Sometimes this also needs explaining to politicians themselves. Johnson seemed to imply that the UK had a presidential system before he resigned as Conservative party leader on July 7, in his desire to appeal directly to the 14mn voters who had given the Conservatives their majority in 2019.

In an age where people vote for everything or rate it online, from Love Island winners to Uber drivers, you can feel public incomprehension growing at the lack of a say in the country’s next leader. The televised debates seem to invite everyone to have a view but the system gives no space to this impulse. The result is that there is a great deal of pressure — although not always a great deal of understanding — brought to bear on the different ways the main parties pick their leaders.

For Conservatives, MPs whittle down contenders to the last two — the process currently under way. Then party members vote. These are very different audiences, leaving candidates lurching around in their promises, hoping that somehow the rest of the country doesn’t hear what they are saying.

The audible disquiet is around the second stage. There are currently fewer than 200,000 Conservative party members and compared with the population as a whole, they are older, whiter and living in the south. The cry goes up: why should such a tiny band of unrepresentative people pick the next prime minister? There is inevitably pressure on the prime minister chosen in this way to establish legitimacy quickly through calling a general election, as Johnson did in 2019.

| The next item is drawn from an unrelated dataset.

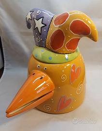 Deliziosa biscottiera vintage in ceramica a forma di testa d’uccello dal lungo becco con cappello da giullare
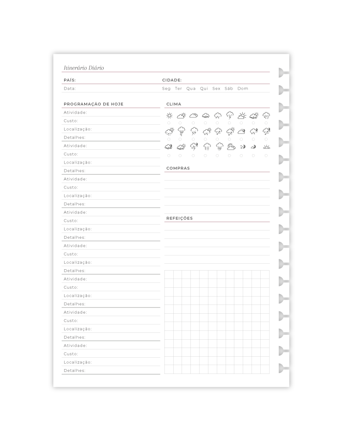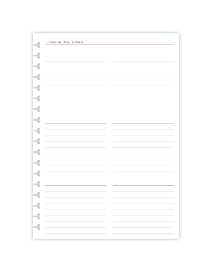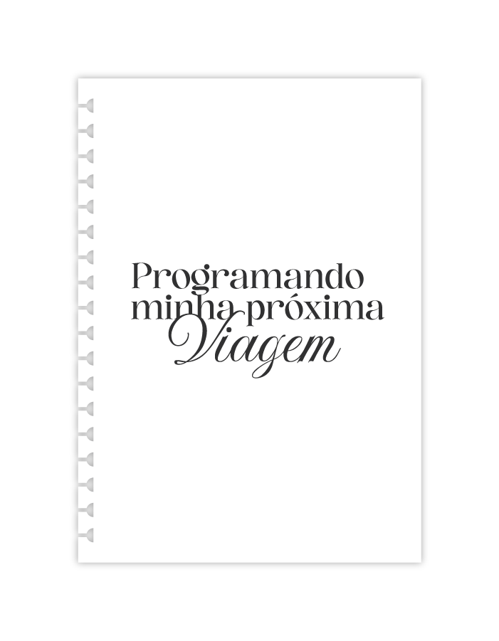 E então as páginas de Visão Geral da Viagem, Lembranças da Viagem, Roteiro de Dias/Destinos, Itinerário Diário e a pontilhada repetem-se.

It is only comparatively recently that Conservative party members have had such a big say. Before 1965 its leaders simply “emerged” after discussion among MPs. After 1965, they were elected by MPs. Reforms in 1998 by William Hague, then leader, in response to the 1997 election defeat gave party members the final decision.

Labor has experimented for decades with different ways of picking its leaders, giving votes to MPs, trade unions, members and others. Its 2015 rule change giving votes to affiliated and registered supporters as well as full members triggered an influx which helped install Jeremy Corbyn as leader.

But because party rules do not give Labor MPs the power to remove their leader by a vote of no confidence as their Conservative counterparts can (Corbyn simply refused to go in 2016 after such a vote), they cannot achieve the defenestration of a sitting prime minister in quite the same way as has happened with Johnson.

The motive in both parties for giving members a voice is clear — it seems more democratic. But there are never going to be enough of them to give a sense of real legitimacy. Because they are self-selecting activists or at least committed enough to politics to choose to pay for a party membership, they will never resemble the electorate overall.

Provided that the UK maintains a parliamentary system based on parties, it might be better to give MPs the decisive say. They are at least elected by the whole country. It would provide a more defensible process than the one now under way. Meanwhile we will have to watch for another six weeks, knowing that the candidates are playing on a national stage to a tiny gallery.